My point is, to prove God is real within an empirical-rational reality, then God must be proven on that basis.

My argument is the idea of God is an illusion and impossibility and thus is moot and a non-starter. Therefore the idea of God cannot even be considered at all within the perspective of an empirical-rational reality.

Note the truth and comments on Dr. Joseph Dispenza:
Dr. Joseph Dispenza is not a neuroscientist!!

Note this in counter to your reliance on Maslow;

Thus both your supporting references do not lend credibility to your claims.

Your above use of reference is “irrational”.

What you are doing in this case is merely preaching based on some dogma of yours.
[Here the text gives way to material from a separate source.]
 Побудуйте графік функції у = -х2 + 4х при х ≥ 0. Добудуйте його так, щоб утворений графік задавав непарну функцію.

I invite you to give more credible supporting arguments.

But I am very confident the basis of the idea of God arise from psychological factors and no matter how you argue you will never be able to produce any convincing proofs God exists are real within the most reliable basis of reality i.e. the empirical rational reality.

The only realistic way a theist can justify for a belief in God is via the psychological basis.
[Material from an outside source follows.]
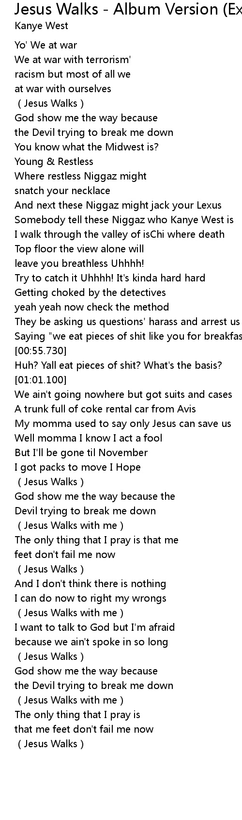 | [01:36.240] | (Jesus Walks) |

Btw, I am not arguing here to convince you to be a non-theist at all.
I would not recommend any theist to convert to be a non-theists AT PRESENT* unless s/he has an effective alternative replacement to deal with that inherent unavoidable existential crisis.

  • not future within next 50, 100 or > years.

If you are a panentheist, it is not advisable to do it alone. It is recommended for one to adopt some establish spiritual Framework and System that provide practices for one to reinforce the necessary related neural circuits.
Advaita Vedanta [besides others] is one good Framework and System.
en.wikipedia.org/wiki/Advaita_Vedanta

Can’t have it both ways, preacher. If God is not an object of empirical knowledge, your objection is a nonsequitur.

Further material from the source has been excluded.